The single most disorienting thing about French eviction law for a British landlord is the trêve hivernale. You can have a watertight case, a clean jugement, an enforced commandement de quitter les lieux, and a tenant who has been six months in arrears — and from 1 November to 31 March every year, the law simply will not let you remove them. The trêve was introduced in 1956 as a humanitarian measure and its current 1 November to 31 March window was set by the loi Alur of 24 March 2014. This piece walks through what it actually does, who is covered, who isn’t, and how British landlords can plan around it. If you haven’t yet read the broader procedural picture, our pillar guide on evicting a French tenant sets out the full timeline from first missed payment to commissaire de justice — the trêve sits inside that timeline.

What the trêve actually is

The trêve hivernale is a five-month annual suspension of the physical execution of evictions for residential premises.

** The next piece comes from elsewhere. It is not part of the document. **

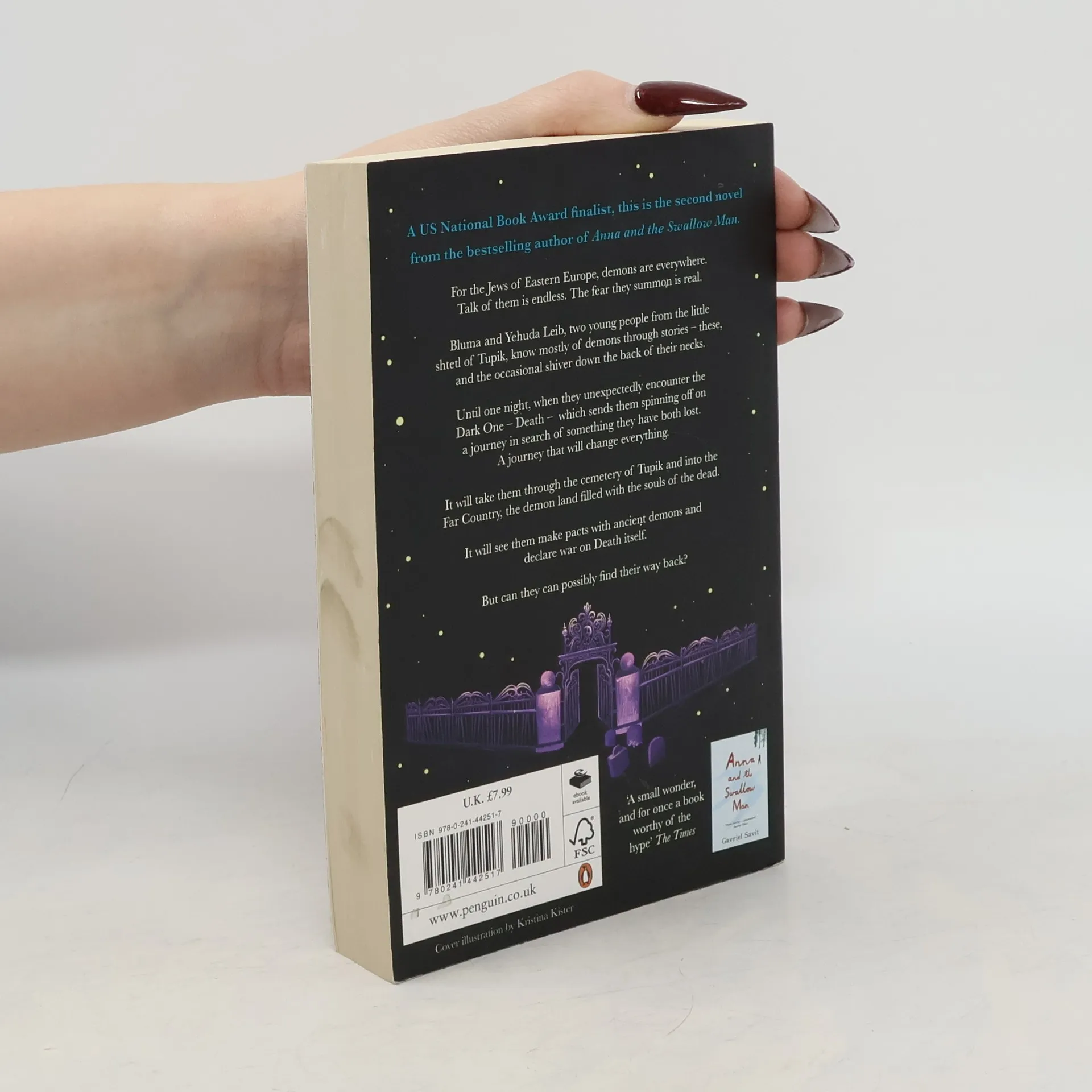 A US National Book Award Finalist, the second novel from the bestselling author of the acclaimed crossover novel, Anna and the Swallow Man. A dark fantasy adventure for fans of Neil Gaiman, Philip Pullman and The Book Thief. For the Jews of Eastern Europe, demons are everywhere. Talk of them is endless. The fear they summon is real. Bluma and Yehuda Leib, two young people from the little shtetl of Tupik, know mostly of demons through stories - these, and the occasional shiver down the back of their necks. Until one night, when they unexpectedly encounter the Dark One - Death - an encounter which sends them spinning off on a journey in search of something they have both lost. Theirs is a journey that will change everything. It will take them through the cemetery of Tupik and into the Far Country, the demon land filled with the souls of the dead. It will see them make pacts with ancient demons and declare war on Death itself. But can they can possibly find their way back?

It is codified in article L. 412-6 of the Code des procédures civiles d’exécution. It applies automatically — no court order is needed, no application is required. From 1 November to 31 March (inclusive) of the following year, no commissaire de justice, accompanied by no police force, can lawfully remove a tenant from their résidence principale.

The historical origin matters because it shapes the modern interpretation. The trêve was created by the loi n° 56-1223 of 3 December 1956 after vigorous parliamentary debate, framed explicitly as a “mesure d’humanité“. The current dates were set by the loi Alur of 24 March 2014, which extended the end-date from 15 March to 31 March, adding 15 days of protection. As info.gouv.fr — the French Prime Minister’s official news portal — sets out, the same window applies every year unless special legislation modifies it (as happened during COVID-19).

One subtlety the courts repeatedly stress: the trêve only protects occupants de bonne foi. That is the conceptual lever the legislator uses to exclude squatters as a class — they entered without title or permission, so they have no claim to the humanitarian protection.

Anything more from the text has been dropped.